Gassendi Pierre, Exercitationes, éd. Rochot, p. 392. La raison ne peut rectifier l’imagination et le sens externe. S’il peut y avoir une erreur des sens, elle ne sera pas corrigée par la réflexion de la raison.
Certains auteurs réagissent contre la dénonciation des erreurs des sens par les sceptiques.

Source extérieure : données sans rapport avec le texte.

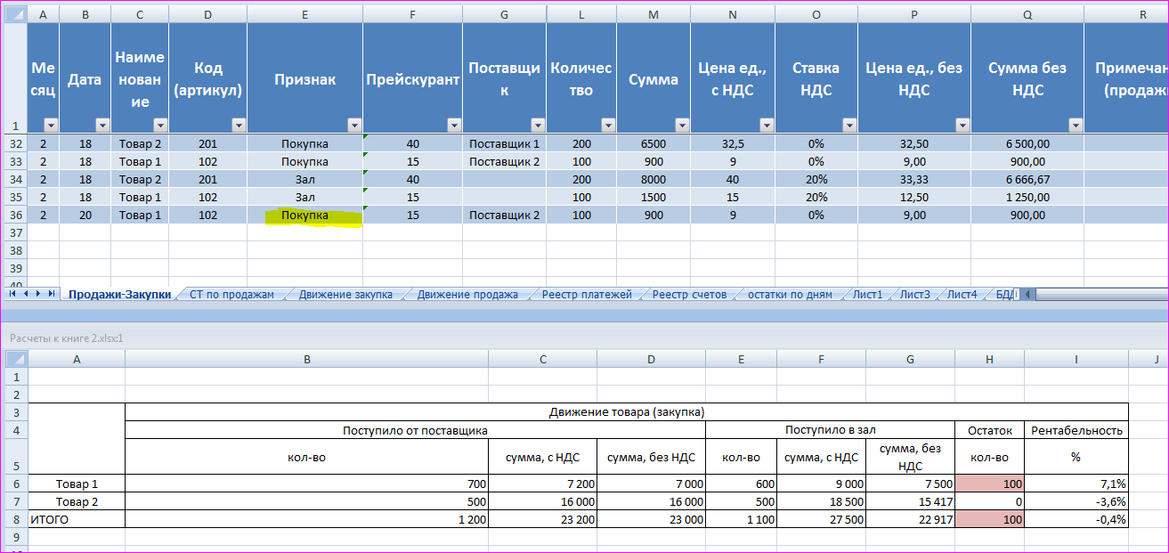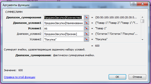 =СУММЕСЛИМН(ПродажиЗакупки[Количество];ПродажиЗакупки[Наименование];A6;ПродажиЗакупки[Признак];"Покупка")[2] – эта формула суммирует данные по количеству товара, приобретенного у поставщика.

Silhon Jean de, De l’immortalité de l’âme, Paris, Pierre Billaine, 1634, Discours II, Qu’il est nécessaire de montrer qu’il y a un Dieu pour prouver l’immortalité de l’âme. Réfutation du pyrrhonisme e des raisons que Montaigne apporte pour l’établir. Divers genres de démonstration..., p. 149 sq. « Il nous reste maintenant à dissoudre le principal argument que Montaigne apporte en faveur du pyrrhonisme, et de mettre la cognée à la racine de cet erreur. Il n’y a rien, dit-il, dans l’entendement qui n’y soit entré par les sens, et toute la matière de nos raisonnements et de nos discours passe nécessairement par ces canaux et par ces minières ; Et partant elle en attire les mauvaises qualités et la faculté qui la reçoit s’en infecte et s’en empoisonne. Or toute les connaissances des sens, qui fournissent cette matière dont l’entendement se sert pour agir, et sur laquelle il travaille, sont trompeuses et mal assurées, et partant celles de l’entendement le seront aussi, et le doute et l’irrésolution seront le résultat de son travail, et non pas la certitude ni l’évidence. En effet, quel moyen que les sens connaissent leurs objets en la pureté de leur nature, et selon les véritables conditions de leur être, puisqu’ils ne les connaissent pas par eux-mêmes, mais seulement par leurs espèces et ne voient l’original qu’à la faveur de la copie ». Suivent les arguments ordinaire sur les erreurs des sens, p. 150 sq. « Un mélancolique, un frénétique, et un hypocondriaque s’imaginent de voir et d’entendre ce qu’ils ne voient et n’entendent point, ou de que les autres hommes bien sains ne voient et n’entendent point » : p. 152 sq.
On peut se demander comment on doit concilier ce passage sur les erreurs des sens avec la dernière phrase du fragment Laf. 701, Sel. 579 : Quand on veut reprendre avec utilité et montrer à un autre qu’il se trompe il faut observer par quel côté il envisage la chose car elle est vraie ordinairement de ce côté-là et lui avouer cette vérité, mais lui découvrir le côté par où elle est fausse. Il se contente de cela car il voit qu’il ne se trompait pas et qu’il manquait seulement à voir tous les côtés. Or on ne se fâche pas de ne pas tout voir, mais on ne veut pas être trompé, et peut-être que cela vient de ce que naturellement l’homme ne peut tout voir, et de ce que naturellement il ne se peut tromper dans le côté qu’il envisage, comme les appréhensions des sens sont toujours vraies. Sur la défense de la véracité des sens, voir notre commentaire sur ce fragment.